Wireless networks are continuously faced with a multitude of demands, ranging from high-reliability and low-latency connectivity to support of bandwidth-intensive applications such as virtual reality (VR), gaming, and holographic video. These various applications highlight the growing need for adaptable and application-specific channel access mechanisms and resource allocation. However, the large number of configurable parameters and their entangled inter-dependencies in the medium access control (MAC) layer, for example, pose challenges to optimize and fine-tune protocols with traditional methods due to the dynamic nature of wireless networks [1], especially in uncoordinated environments such as unlicensed bands lacking a centralized authority to regulate channel access across all network nodes.

In recent years, AI-driven approaches, particularly deep reinforcement learning (DRL), have shown great promise in optimizing wireless network performance [2] by letting MAC protocols to learn and adapt autonomously based on real-time feedback from the environment, and ensuring more intelligent and adaptive behavior. However, most of the existing works in this area optimize and configure only a few parameters in the MAC layer or physical layer[3]. Some recent studies also explore applications of DRL for generating protocols and signalling for cellular [4, 5] and Wi-Fi networks [6, 7]. While these studies make significant step forward, the proposed solutions rely on centralized entities for training. Even in instances where distributed inference is employed, the overarching approach remains centralized, hampering scalability and adaptability, particularly in dynamic network environments where decentralized decision-making is desirable. Expanding upon our prior work, [6, 8], which proposed a DRL-based MAC design framework with centralized learning and execution mechanisms for Wi-Fi networks, in this letter, we introduce a Multi-Agent Deep Reinforcement Learning (MADRL) framework that incorporates both centralized and distributed learning, along with distributed inference. This advancement increases flexibility and adaptability, empowering individual nodes to manage diverse traffic loads and environmental conditions effectively. We implement our MADRL framework within ns-3 by integrating ns3-ai[9] and RLlib.

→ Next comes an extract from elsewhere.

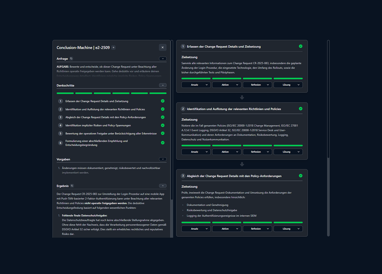 Conclusion Machines bieten Ihnen einen logischen und strukturierten Ansatz. Sie können aus allgemeinen Regeln gesicherte Schlussfolgerungen ziehen, Halluzinationen reduzieren und Probleme gezielt lösen.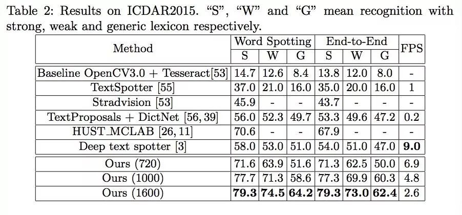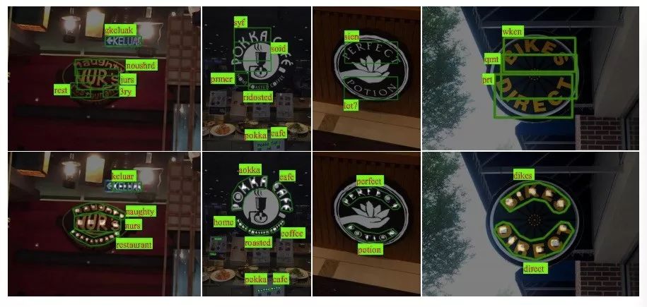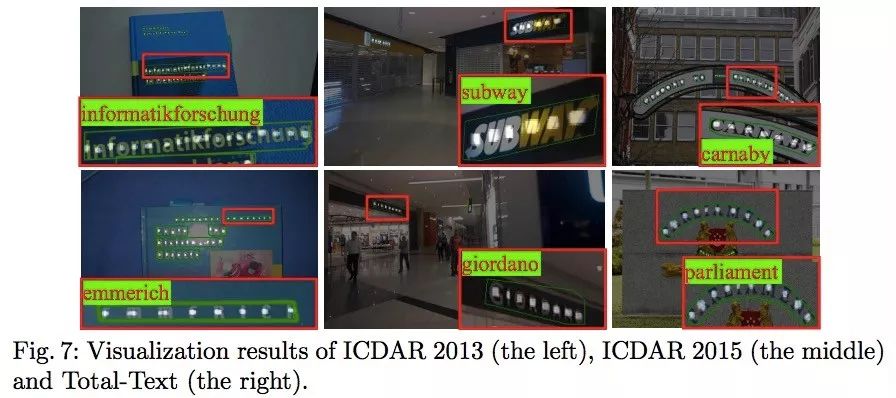 左图是水平text spotting方法的结果,它的检测框是水平的;中间图是具有方向的text spotting方法的结果,它的检测框倾斜;右图是该文提出的Mask TextSpotter算法的结果,它的检测框不是外接矩形而是一个最小外接多边形,对这种弯曲文本达到了更精确的文本检测和识别。

To the best of our knowledge, this is the first implementation that enables distributed multi-agent learning using ns3-ai and Ray RLlib in ns-3 environment. Furthermore, we extend the capabilities of our framework to support 5G New Radio Unlicensed (5G NR-U) technology, which demonstrates the versatility of our solution across emerging wireless technologies beyond Wi-Fi networks. We test and verify the performance of our framework and the learnt protocols through extensive system-level simulations and demonstrate the superior performance of the MADRL-synthesized protocols over legacy protocols across diverse scenarios. This underlines the potential of our framework to significantly enhance QoS for future applications through a novel protocol design approach.

II System Concept

Figure 1 illustrates our system concept. The synthesis of MAC protocols is performed from a set of atomic building blocks interconnected through Machine Learning (ML) driven policies. To drive this process, we supply the ML framework with atomic building block functions such as backoff, sensing, defer, modulation and coding scheme and all of their related parameters along with application requirements and environment characteristics such as type of traffic and packet arrival rates, and number of nodes. The ML framework synthesizes a new protocol, which is subsequently evaluated in the ns-3 simulator using a pre-defined reward, which is selected to fit the application requirements. Upon computation of the reward, feedback loops back to the ML framework. This iterative process continues until a protocol is constructed that incorporates the optimal set of building blocks for the current network/environment configuration. This modular approach empowers the agents to discern the most effective combination of these blocks, thereby generating novel MAC protocols or refining existing ones.

Refer to caption
Figure 1: System concept.

In this letter, we showcase the MAC protocols synthesis with our MADRL framework in a network comprising of 5G New Radio-Unlicensed (5G NR-U) gNBs. 5G NR-U is a radio access technology that is being developed by 3GPP and first introduced in Release 16[10]. One of the key features is the channel access mechanism, namely Listen Before Talk (LBT), inherited from the LTE licensed-assisted access (LTE-LAA), operating in 5 GHz unlicensed band. Before transmission, 5G NR-U devices have to sense the channel to ensure harmonious coexistence with other unlicensed devices, such as IEEE 802.11ax. 5G NR-U devices perform LBT procedure in the downlink, similar to Wi-Fi’s CSMA/CA protocol. As shown in Figure 2 after a period of idle channel, TfT_{f}, lasting 16μs16\leavevmode\nobreak\ \mu s, the gNB initiates Clear Channel Assessment (CCA) in a sequence of did_{i} consecutive observation CCA slots, each with a duration of 9μ9\leavevmode\nobreak\ \mu. Subsequently, the deferred period TdfT_{df} is computed as TfT_{f} + di×TCCAd_{i}\times T_{CCA}. Where did_{i} is determined based on the priority assigned to various traffic types in the standard. If the channel remains idle throughout the defer time, the gNB initiates the backoff procedure by randomly selecting a number from the set {0,1,,CW1}\{0,1,...,CW-1\} while continuing to sense the channel and decrementing the backoff counter. Upon reaching zero, the gNB starts transmission. If the channel becomes occupied during any of these slots, the backoff counter freezes, and the process restarts once the channel becomes idle again with the remaining backoff counter from the previous attempt. Upon gaining access to the channel, the gNBs can occupy it for a maximum duration, known as Maximum Channel Occupancy Time (MCOT). MCOT has different values for different traffic types as defined in the standard specification[10].

Refer to caption
Figure 2: NR-U LBT4 Channel access mechanism.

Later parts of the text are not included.